Article taken from Fruit Grower Magazine
Botanicoir is investing €1.2m in the first completely automated coir-drying facility, to ensure that the issues caused by a two-year monsoon in Sri Lanka can never happen again. The Sri Lankan monsoon season is normally from September to November, but during 2015/16, unprecedented rainfall affected the whole coir industry. Coir pith is normally dried by sunlight, and continuous rain meant that it could not dry - causing knock-on effects for UK growers. Ordinarily, growbags are delivered as dehydrated compressed slabs. But the only way Botanicoir could fulfil the orders was to ship them partially hydrated and, as demand was up by 30%, this was no mean feat. ""For the 2015/16 season, as we were unable to dry the coir, the volume we needed to ship was bigger, says Kalum Balasuriya, managing director at Botanicoir. ""Instead of one container of growbags, we had to send 3.5 containers of partially-hydrated bags from Sri Lanka, meaning a cost increase of 350%. We didn't pass this cost onto customers but we're aware that it's unsustainable to risk such a situation happening again, so this is why we're investing in a new drying facility.""

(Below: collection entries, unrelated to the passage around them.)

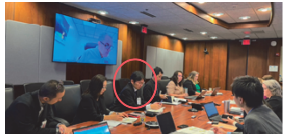
写真-1 フロリダ州交通局調査状況（赤丸筆者）
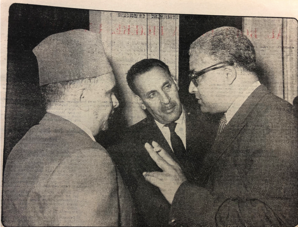
De gauche à droite : Allal El Fassi (Istiqlal), Farhat Abbas (F.L.N.) et Bahi Ladgham (Néo-Destour)
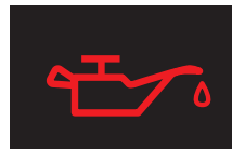
エンジンオイルランプ
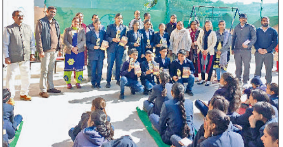
इज्जर। कार्यक्रम में उपस्थित होनहार विद्यार्थी एवं शिक्षक।
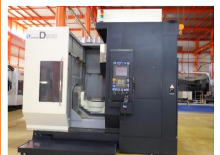
五軸加工機 牧野フライス D500 2008.9年製 Professional 5 HSK-A63 管理番号:H015918 置場:マシンブラザ本庄
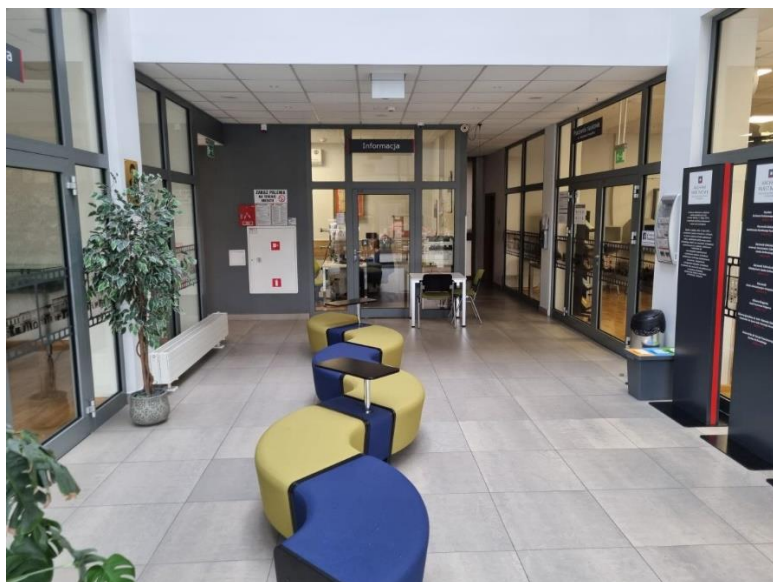
Zdjęcie: Korytarz na parterze
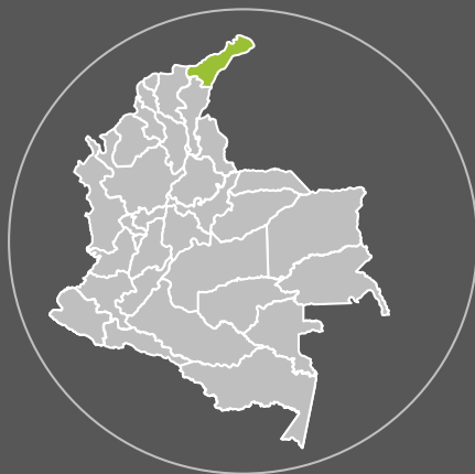
Santa Rosa, Maicao, La Guajira

After 12 months of research and development, working with a German company already building woodchip drying equipment, in a 'first' for coir production, a state-of-the-art drying facility was designed which will dry the coir as it runs along a conveyer. The heat from a biomass boiler will be controlled by a number of sensors and six different types of heat will be applied at various stages depending on the moisture levels. Just driving off the moisture after the buffering process in a normal dryer would destroy the unique structure of the high quality coir that Botanicoir supplies. The drying process has to mimic the natural drying process, so this was the challenge for the German engineers.

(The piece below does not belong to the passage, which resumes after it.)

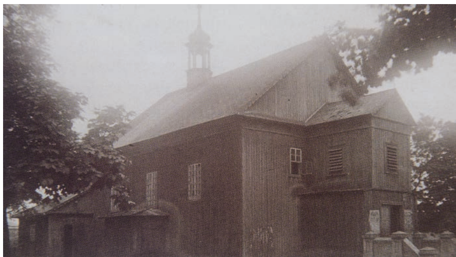
Il. 3. Kościół na Bronowicach w Lublinie (1937 r.).

Cerkiew unicka pw. św. Barbary, uwidoczniła na omawianym planie, wybudowana została w 1720 r. jako drewniana, w miejscu poprzedniej z I poł. XVI w., która uległa zniszczeniu. Początkowo parafia powstała jako prawosławna, po unii brzeskiej w 1596 r. została przekształcona na unicką, a w 1875 r. ponownie stała się prawosławną, co wiązało się ze zmianą wezwania na Wniebowzięcia Najświętszej Marii Panny. Jak wynika z wizytacji przeprowadzonej przez ks. O. Zajkowskiego w 1789 r., była to budowla drewniana, zapewne trójdzielna, z kruchtą, zwieńczona kopułą; cerkiew miała dwój drzwi oraz cztery okna i posiadała dzwonicę; otoczona była parkanem; obok cerkwi znajdowała się dwuizbowa plebania oraz ogrodzony cmentarz 5 . Około 1805 r. przeprowadzono remont świątyni, obejmujący wykonanie szalunku elewacji oraz położenie blachy na kopule; w l. 30. XIX w. ponownie oszalowano budynek i pomalowano kopułę na biało 6 . Poza wyżej wspomnianymi opisami świątyni, brak materiałów ikonograficznych, ukazujących jej wygląd. Poprzez analogie do podobnych budowli sakralnych można założyć, że cerkiew pawłowska była zbliżona wyglądem np. do dawnej cerkwi św. Mikołaja Cudo-

In August the new 30m long drying facility will be installed, powered by a boiler fuelled with wood chips produced from biomass crops on neighbouring land. The future implications are vast, because 80% of the daily required volume will be dried and ready for production as soon as it comes off the conveyer. ""The other 20% will come from existing natural drying yards. This means that in a good year, we'll have the ability to produce 80% more product than before, and, with the rise in demand we're seeing, we need this development," says Kalum. Mark Davis of Agrovista, that hosted Botanicoir on their stand, reported that the substrate crop monitoring service that Agrovista offers continues to be popular and was ""one area in which we noticed much more interest this year, with many leads to follow up"". The in-crop stations can monitor soil moisture, soil temperature and bulk/pore water EC in substrate or soil-grown crops for more efficient scheduling of irrigation and fertigation. Additionally, they can also monitor air temperature, relative humidity, wind speed and direction, solar radiation and other parameters, including output from water meters. Alarms can be sent to a grower at any threshold. In addition, wireless valve controllers can be added to perform timed or automatic irrigation.